Met betrekking tot hun basale expressie niveau bereikt in het voorste / achterste compartimenten van unsilenced vleugel schijven, was de activiteit van de geselecteerde gen X gevonden verlaagd tot 40% na zwijgen op te leggen. In tegenstelling, was een van zijn vermeende doelen (genen Y) significant gevonden up-gereguleerd (7 voudige-toename), die ons tot de hypothese te bevestigen dat het negatief was geregeld door Gene X.
We concluderen dat de hierboven beschreven experimentele benadering s…

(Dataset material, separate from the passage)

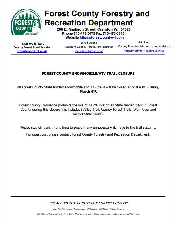 Trails close Friday, March 6, 2026 at 8:00 a.m.

De auteurs danken prof.. Chiara Campanella en AMRA Center of Competence, Universiteit van Napels Federico II, Napels, Italië, hen te voorzien van het gebruik van de laser microdissector, en de heer Vincenzo Vicidomini voor genereuze hulp in de 3D-animatie.

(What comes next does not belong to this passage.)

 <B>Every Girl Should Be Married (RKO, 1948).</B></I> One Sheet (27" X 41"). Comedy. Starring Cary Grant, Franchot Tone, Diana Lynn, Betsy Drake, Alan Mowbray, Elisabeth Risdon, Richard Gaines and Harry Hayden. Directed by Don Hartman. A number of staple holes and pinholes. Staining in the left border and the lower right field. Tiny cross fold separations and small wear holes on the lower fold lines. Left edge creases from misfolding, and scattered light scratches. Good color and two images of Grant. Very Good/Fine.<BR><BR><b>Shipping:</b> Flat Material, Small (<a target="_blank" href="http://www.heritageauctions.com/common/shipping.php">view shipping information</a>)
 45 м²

Material Name | Type | Company | Catalogue Number | Comment |
---|---|---|---|---|
DEPC water | Sigma | W4502 | ||
RNase Zap | Sigma | R2020 | ||
TRI Reagent | Sigma | T9424 | ||
SuperScript III | Invitrogen | 18080093 | ||
Master Mix | Invitrogen | 11761100 | ||
Agarose | Sigma | A9539 | ||
Isopropyl alcohol | Sigma | I9516 | ||
Chloroform | Sigma | C7559 | ||
Dream taq | Fermentas | EP0701 |
Fly strains
Drosophila UAS-silencing lines can be obtained from VDRC RNAi collection 2. A collection of GAL4-driver lines is available at the Bloomington Drosophila Stock Center (Indiana, USA).
Equipment
Required equipment includes Laser microdissector (Leica LMD6000), Coulter Microfuge 22R (Beckman), PCR (BIO-RAD My Cycler), Real Time PCR (BIO-RAD iQ5).
Tools
Required tools include: glass wells, brush, microdissection forceps, hanging drop slides, insect pins mounted on syringe needles, metal frames with PET membrane, plastic tubes (50 ml, 05 ml, 0.25 ml).